The evidence of equivalent, if not higher, efficacy of fulvestrant (Faslodex) compared to aromatase inhibitors (AIs) as well as tamoxifen is indisputable, and oncology leaders like Bill Gradishar, Robert Livingston, John Robertson, Gabriel Hortobagyi, Adam Brufsky, Gerson Locker, Stephen Jones, and Charles Vogel, and dozens of other leading clinical investigators have concurred, and voiced their opinions eloquently, that it is regrettably a highly effective but severely underutilized endocrine option, with typically superior tolerability in addition, and this has been the conclusion of the systematic review of fulvestrant compared to other endocrine agents conducted last year by Adam Buzdar at MD Anderson, along with innumerable other research studies to the same effect. I'll just quote the conclusions of 2 out of several hundred sources, both published in the peer-reviewed Community Oncology journal's series on fulvestrant published earlier this year:
" . . . fulvestrant likely produces less arthralgia than does letrozole and exemestane . . . Fulvestrant produced less arthralgias than the AIs . . . and fewer estrogenic effects than tamoxifen. . . . Moreover, few women discontinued fulvestrant therapy due to adverse events in the phase III studies . . . Phase III studies also demonstrate fulvestrant's favorable safety and tolerability profile, compared with other hormone therapies for breast cancer. "
[Gradishar WJ. Update on fulvestrant for hormone receptor–positive advanced breast cancer. Commun Oncol 2007;4:220–231]
". . . the unique and somewhat poorly understood endocrine agent fulvestrant (Faslodex) . . . These and other trials should continue to clarify how to best exploit the impressive therapeutic features and activity of this powerful endocrine agent."
[Kaniklidis C. Fulvestrant loading, tumor markers, and ongoing trials. Commun Oncol 2007;4:649-650]
Letrozole (Femara) versus Tamoxifen
As to letrozole (Femara), it needs to be granted that it is also an excellent endocrine agent with well-established efficacy and tolerability. That said, as noted by Bill Gradishar above and myself elsewhere, it is likely – but not guaranteed – to produce somewhat more arthralgia: 20.5% on letrozole compared to 13.5% on tamoxifen, with myalgia (muscle pain) being slightly higher at 7.1% for letrozole and 6.1% for tamoxifen.
Although it's been widely cited that more patients in the letrozole group (12.3%) than in the tamoxifen group (11.1%) discontinued therapy early due to adverse events, I found appreciably more salient the fact that more tamoxifen (11.5%) patients than letrozole patients (7.9%) discontinued treatment due to disease progression.

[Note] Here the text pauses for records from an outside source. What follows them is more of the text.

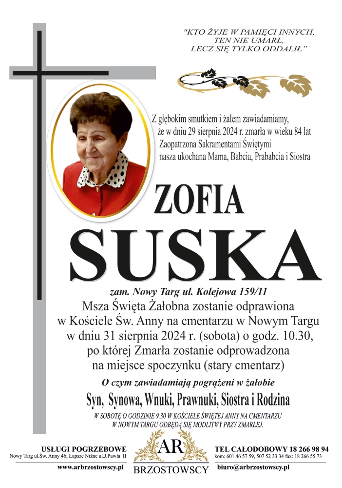 Zofia Suska - Nekrologi - podhale24.pl
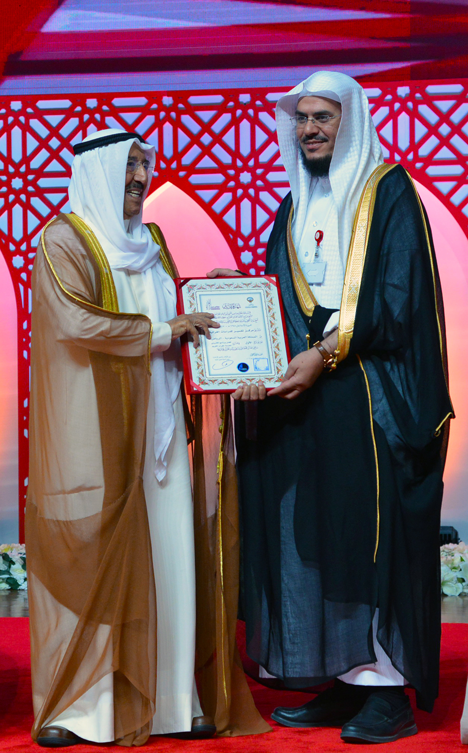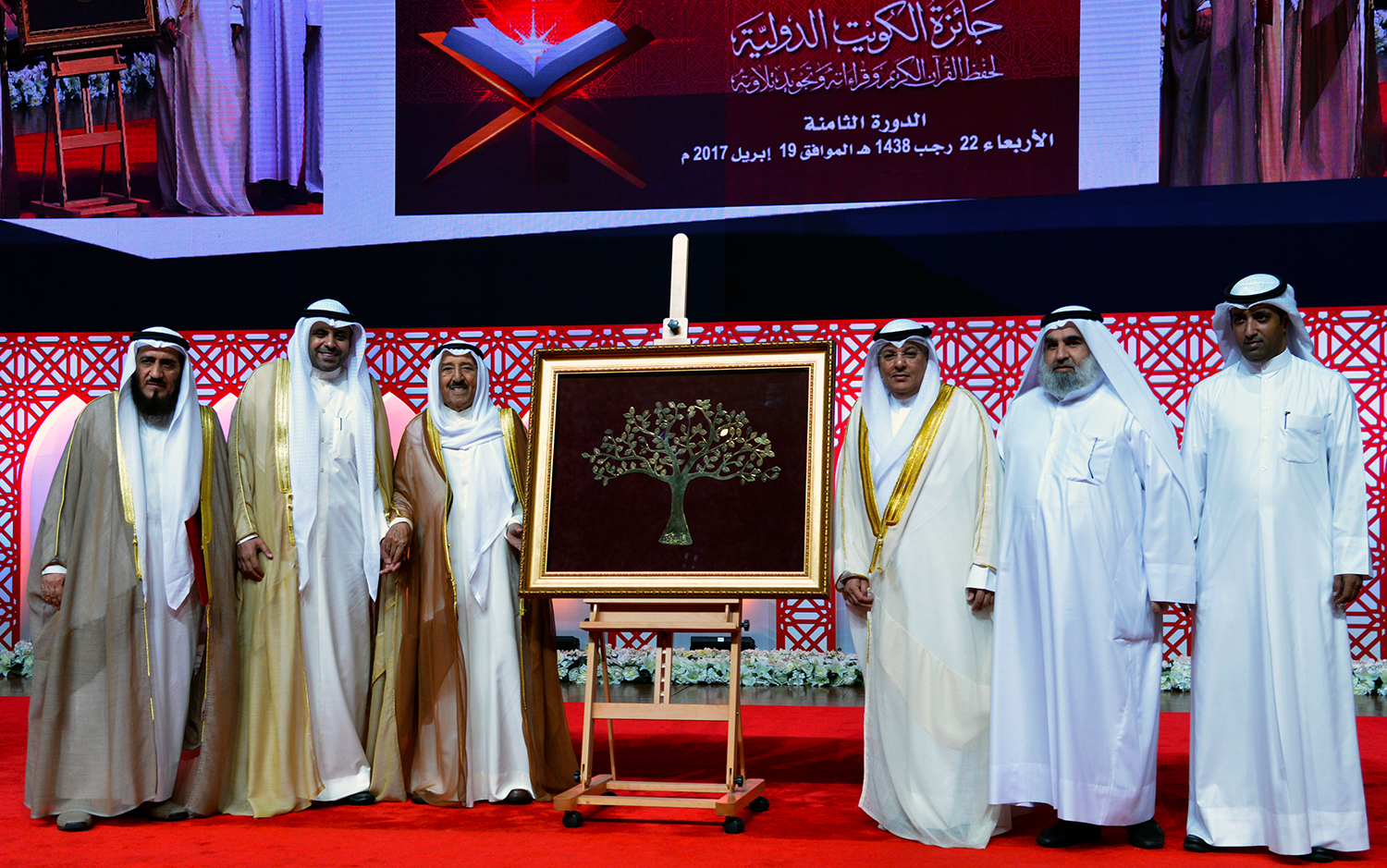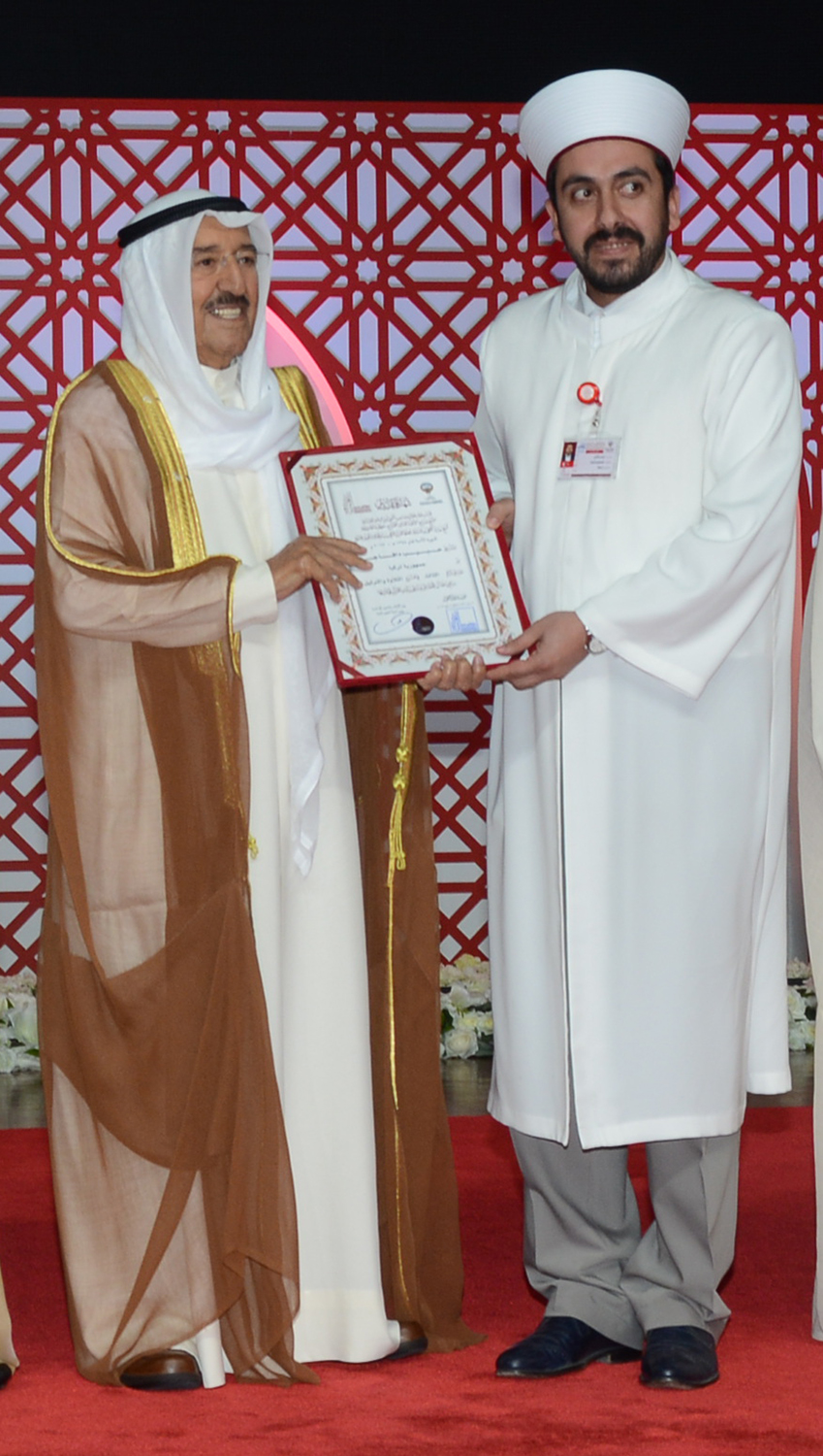 Upon arrival, His Highness Sheikh Sabah was received by Minister of Awqaf and Islamic Affairs and Minister of State for Municipal Affairs Mohammad Al-Jabri and members of the contest's committee.
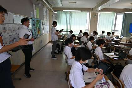 この時間は、堺市教育委員会の教育センターから、ICT活用についてのアドバイスをくださる方が来られていました。
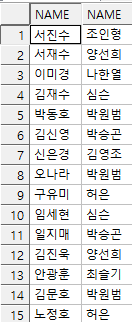 -> name, profno 컬럼의 값이 각각 같은 행을 출력
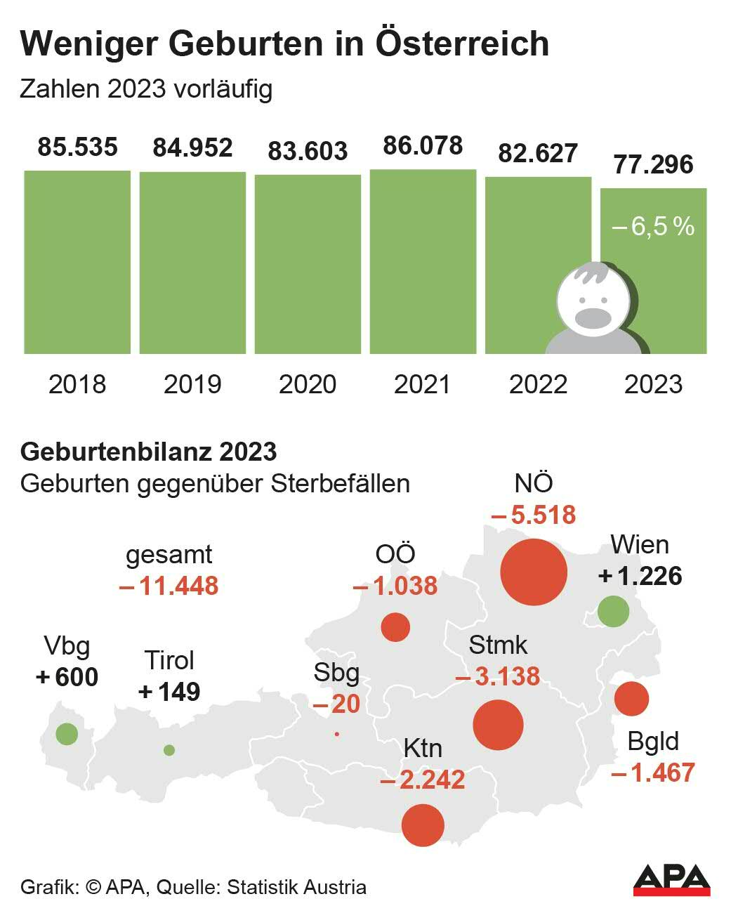 Die heimischen Geburten befinden sich weiterhin im Sinkflug: Im Vorjahr wurden nach den vorläufigen Zahlen der Statistik Austria 77.296 Geburten registriert, das sind 6,5 Prozent weniger als 2022 und sogar 10,2 Prozent weniger als der Durchschnitt der Vor-Pandemie-Jahre 2015 bis 2019, hieß es am Dienstag. Demgegenüber stehen 88.744 Sterbefälle, womit 11.448 weniger Menschen geboren als gestorben sind. Damit weist Österreich zum vierten Mal in Folge ein Geburtendefizit auf.
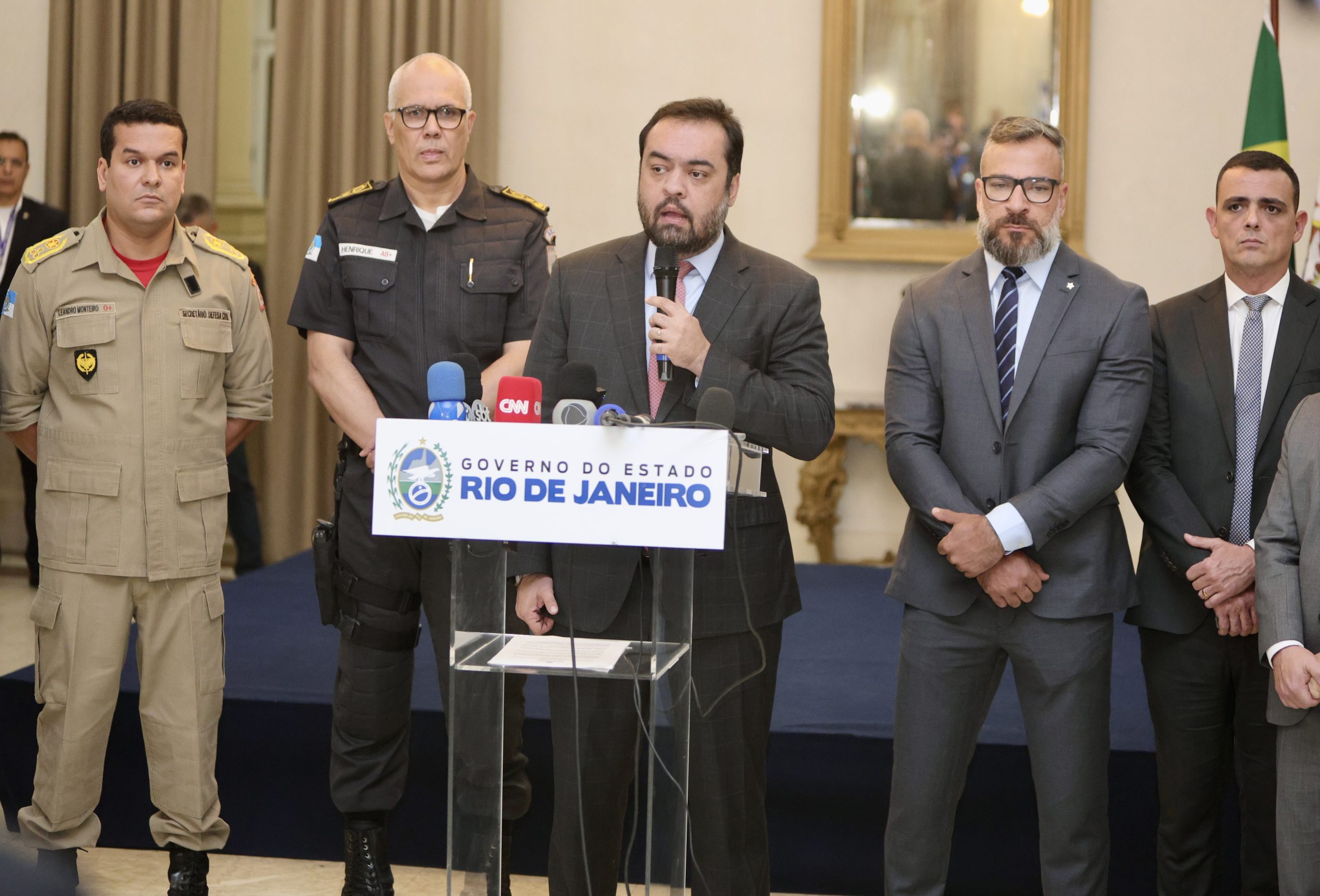 Cláudio Castro determinou ainda reforços a prédios públicos e monumentos no Rio. No final da reunião, o governador gravou uma mensagem para a população. Veja o conteúdo na íntegra abaixo.

As reported this year by Alan Coates for the International Breast Cancer Study Group (IBCSG) BIG 1-98 trial, the most reliable data we have to date, patients on tamoxifen experience significantly more thromboembolic events (3.8%), but these occur in only a small number of patients on letrozole (about 2%), and incidence of CVA/TIA (aka, stroke) was low and the same for both agents, at 1.4%.
As to incidence of cardiac events (which includes ischemic heart disease and cardiac failure), these are comparable between letrozole (5.5%) and tamoxifen (5.0%), but cardiac events in general were mild, at predominantly grade 1 and 2. In terms of lipid health, incidence of hypercholesterolemia (generally mild) was 50.6% for letrozole compared to 24.6% for tamoxifen.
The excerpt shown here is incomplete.